Table 3 Weightage to standardized indicators under different scenarios
Fig. 11
figure 11

Land degradation scenarios

Most of the study region shows no degradation to low degradation. However, moderate-to-very high degradation was found over the mining industrial regions. Brick and other industrial regions show moderate to low degradation over the study area. Therefore, we suggest that areas of moderate to very high degradation may require more attention from local decision-makers and environmental inspectors.

Conclusions

Within the present work, we assessed land degraded areas in West Burdwan district, West Bengal using different land degradation indicators such NDVI, ET, LST day and night, SMI through Landsat and MODIS satellite images from the years 1990–2020 at every 5-year interval. Results indicate that the growing trend of industries negatively influences the land degradation indicators, such as NDVI, daytime LST and ET. Our findings confirmed that industrial growth influences the land degradation indicators such as decreasing the NDVI and ET values increases LST values in the industrial growing regions and surrounding areas. The overall result shows moderate to the very high level of land degradation observed over the industrial (mining, brick and other industries) regions, whereas most of the region shows very less to no changes in the land degradation indicators. Continuous expansion of industries highly concentrated in one particular area is observed to be one of the serious environmental stressors. Other possible stressors, such as increasing population are not included in the investigation, which may also have some effects to the local environment. To manage future industrial expansion, policymakers need to focus on de-clustering of industries throughout the district so that areas experiencing increasing LST, decreasing NDVI, and decreasing ET areas are considerably reduced. This analysis of industrial expansion and land degradation will help decision-makers, environmental regulators to provide better management practices for a sustainable future.

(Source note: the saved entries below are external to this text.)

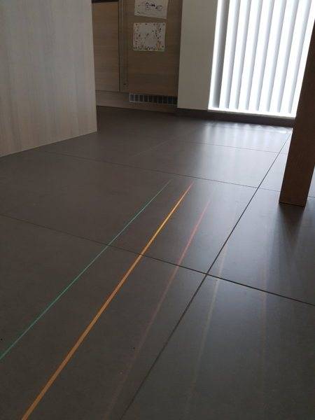 The discussion revolves around the phenomenon of light splitting into colors observed on the floor, with participants exploring the potential causes and mechanisms behind this effect. The scope includes concepts of light dispersion, the interaction of light with materials, and the geometry of light paths.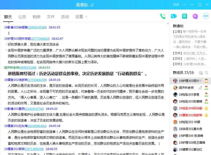 恩格斯曾經(jīng)說過,歷史活動是群眾的事業(yè),決定歷史發(fā)展的是“行動著的群眾”。為了更好地學(xué)習(xí)和認知人民群眾在歷史中的地位和作用,2020年4月29日,習(xí)近平新時代中國特色社會主義思想讀書社青春隊的同學(xué)們在胡濟林老師的指導(dǎo)下開展了第三次抗擊疫情的線上交流學(xué)習(xí)。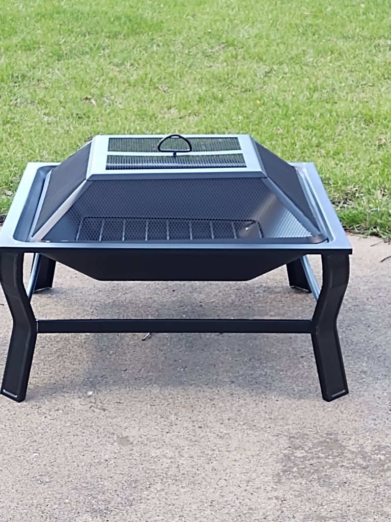 My wife thought we needed a new fire pit for the patio. So Saturday afternoon I dragged the big box out on the patio to put the new fire pit together. I loathe assembling things! On the box it says EASY ASSEMBLY, Assemble in 30 minutes or less! I laughed outload and said to myself, Yeah right. So my goal was to do a good job and try and get it assembled in under 30 minutes. Well, that didn’t happen. I did get it put together, but it took me about an hour and a few frustrating moments. The finished product looks nice.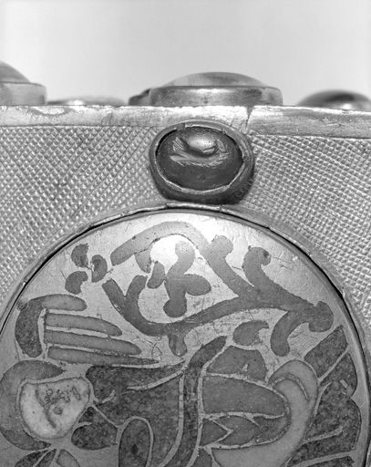 Détail d'une intaille sur le rampant du toit du flanc majeur, à droite.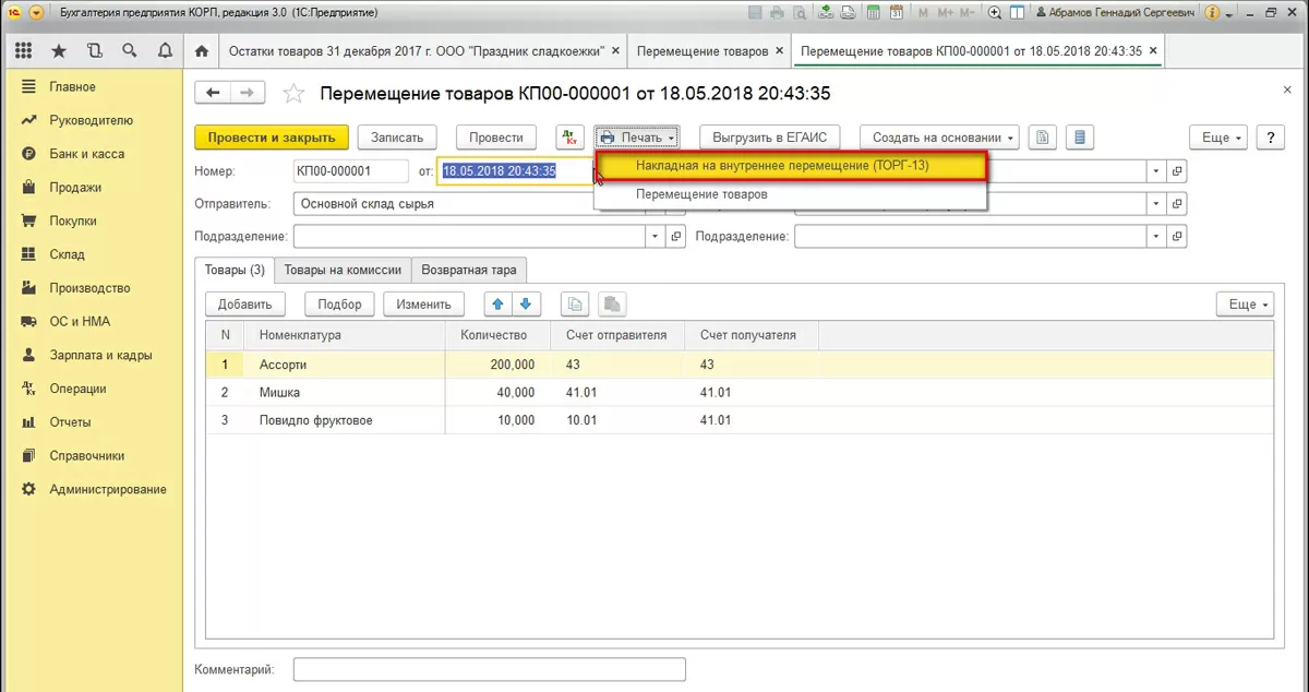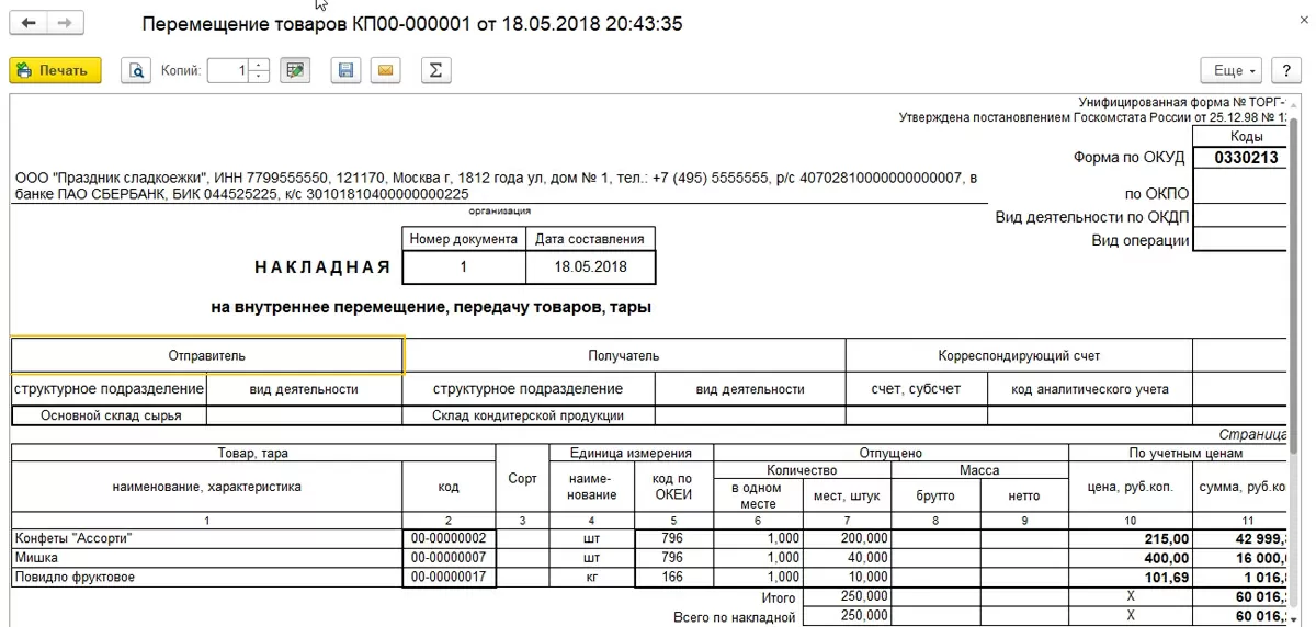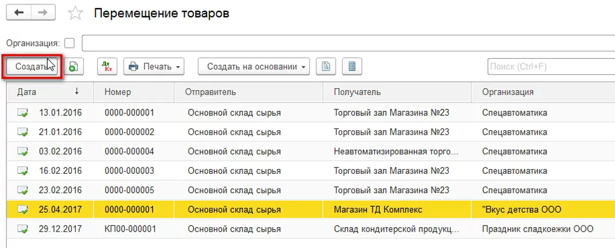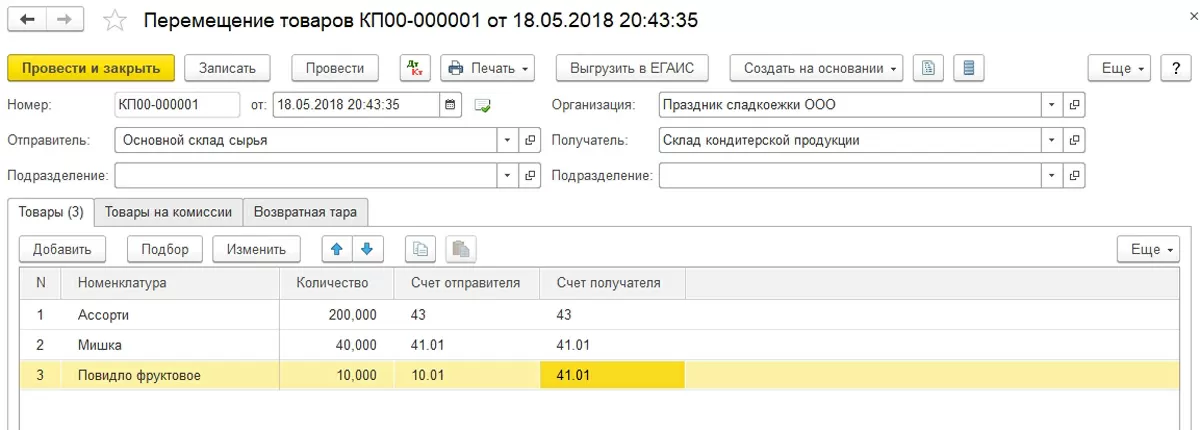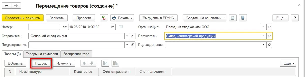 Необходимо переместить некоторые товары с основного склада сырья на склад кондитерской продукции. Таким образом, склад-отправитель – это основной склад сырья, а склад-получатель – склад кондитерской продукции. Следуем далее по нашему плану.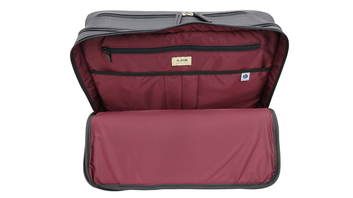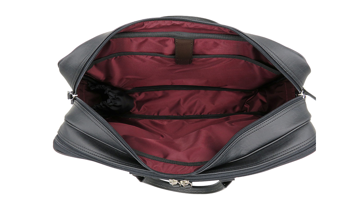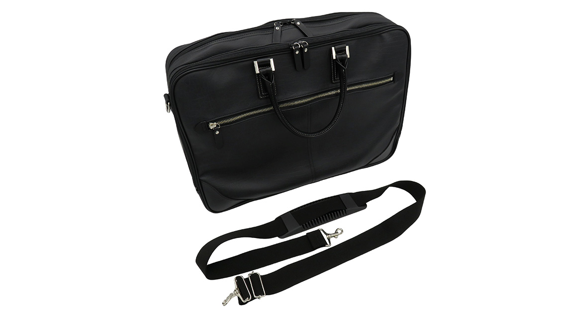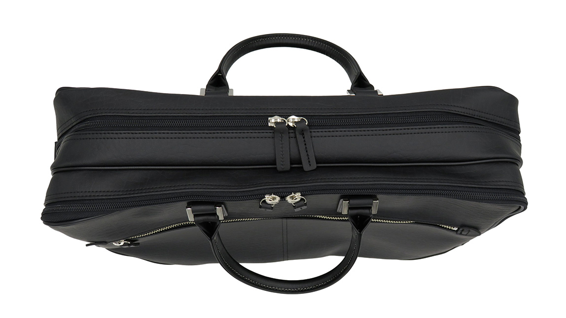 ワイドビジネスバッグ ブラック ( No.5026-01 ) / ビジネスバッグ 豊岡 職人手作り B4サイズ対応 大容量 出張 一泊二日 2層式 肩当て付きショルダーベルト 底鋲 日本製 メンズ レディース バッグ かばん 鞄 黒 紺 木和田株式会社

Different indicators of land degradation such as NDVI, LST, and SMI were evaluated from Landsat satellite of 30 m spatial resolution which is not enough to classify different small industries, may overestimate the areal extent. High-resolution satellite imagery such as Sentinel-2 satellite imagery of 10-m spatial resolution has the potential to get better output for different large and small scale industry mapping. However, in this study, we have cross-validated our images classification with Google Earth high-resolution images to avoid the classification error. Other indicators such as ET, night LST were computed from MODIS satellite of 500 and 1000 m spatial resolution. The use of high-resolution satellite data provides the potential for the generation of more accurate land degradation areas at the desired scale. However, the present study provides a basic idea about land degraded areas over the West Burdwan district which may help the environment planners for the betterment of the degraded land areas in future.